Maintainability is a feeling. You open a file and know within ten seconds whether you want to work on it today. You bring in a new engineer, and after a week they either feel productive or lost.
Feelings do not scale. You cannot tell a team "this codebase feels bad" and expect action. But the feeling tracks real signals, and the signals are measurable.
What "maintainable" actually means
A maintainable codebase is one where the cost of making a change stays stable over time. Add a feature this month, it costs X. Add a comparable feature in six months, it still costs roughly X. If the cost keeps rising, maintainability is falling.
This is the definition that matters. Everything else is a proxy for it.
The signals that track maintainability
None of these is the whole story. Together they are a usable proxy.
File size distribution. A healthy codebase has most files under 300 lines, a long tail up to 600, and very few over 1,000. When you see files at 2,000+ lines, they are usually doing many jobs and will resist change.
Cyclomatic complexity. The number of independent paths through a function. Functions above 15 are hard to test, hard to reason about, and hard to change. Most real cases are under 10.

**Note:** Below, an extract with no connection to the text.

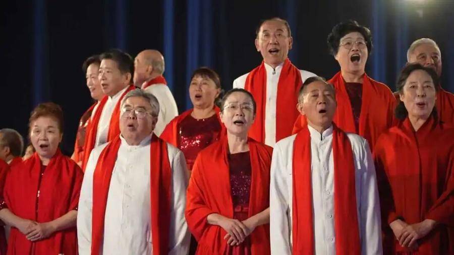 中科大金秋合唱团的老教授们登上舞台,平均年龄七十多岁,最大的八十多岁,最长一次排练站立十小时,无人喊苦喊累。他们用做科研的严谨对待每一个音符。
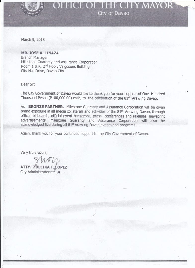 As BRONZE PARTNER, Milestone Guaranty and assurance Corporation will be given brand exposure in all media collaterals and activities of the 81st Araw nang Davao.

Nesting depth. Code three levels deep is normal. Five levels is hard to follow. Eight levels is a sign something has gone wrong.
Naming consistency. Not measurable directly, but indirectly: are there naming patterns, or does every module follow its own convention? When naming is inconsistent across a codebase, readers spend cycles translating rather than understanding.
Change coupling. Files that are frequently edited together are coupled. Git log reveals this. High coupling without shared purpose means changes ripple unnecessarily.
Dead code. Exports that nobody imports. Functions nobody calls. Every dead-code entry is cognitive overhead for a future reader who wonders if it matters.
Documentation density. Not strict count. The ratio of public interface that has at least a one-line description. Below 30% and new engineers will struggle to navigate.
The signals that do NOT track maintainability
Lines of code. A 10,000-line codebase can be more maintainable than a 2,000-line one if the structure is clearer. Size is a weak proxy at best.
Test count. You can have 1,000 tests and still be unable to change anything safely. Coverage numbers alone lie; assertion density matters more.
Language choice. Any language can produce maintainable or unmaintainable code. The common belief that X is "easier to maintain" is usually dressed-up familiarity.
Framework choice. Same.
Commit frequency. Many commits mean activity, not maintainability.
How to measure for real
You do not need a dedicated maintainability dashboard. You need a few tools running on every PR:
- Cyclomatic complexity scan. Most linters support it as a rule. Fail CI when a function exceeds your threshold.
- File size guard. Soft warning at 300 lines, hard fail at 500. Exceptions go through a "yes, we know" mechanism, not a silent bypass.
- Circular dependency check.
madge,dependency-cruiseror equivalent. Fail on new cycles. - Dead export detection. Tools like
knip,ts-pruneor per-language equivalents. Fail when new dead code is introduced. - Change coupling report generated weekly from git history. Not a CI gate, but a signal the team reviews.
The sum of these is a maintainability score. Not a magic number, but a trend you can track.
What the trend tells you
Absolute values are hard to interpret in isolation. "Our complexity score is 7" means nothing without context.
Trends are easier. "Complexity score has risen from 5.2 to 7.8 over the last quarter while new features are landing" is clear: maintenance is deteriorating faster than the work justifies. Time to pause and refactor.
"Score has stayed at 6.5 for six months" is healthy. The team is absorbing change without losing structure.
The job is to watch the trend and intervene early. By the time maintainability feels bad, the cost to fix is high. The signals move earlier than the feeling.
The loop
Measure continuously. Review weekly. Intervene when a trend turns the wrong way. Not dramatic work. Just sustained attention.
Teams that do this have codebases that stay workable for years. Teams that do not have codebases that accumulate complexity until someone proposes a rewrite. The cost of the rewrite always exceeds the cost of the attention that would have prevented it.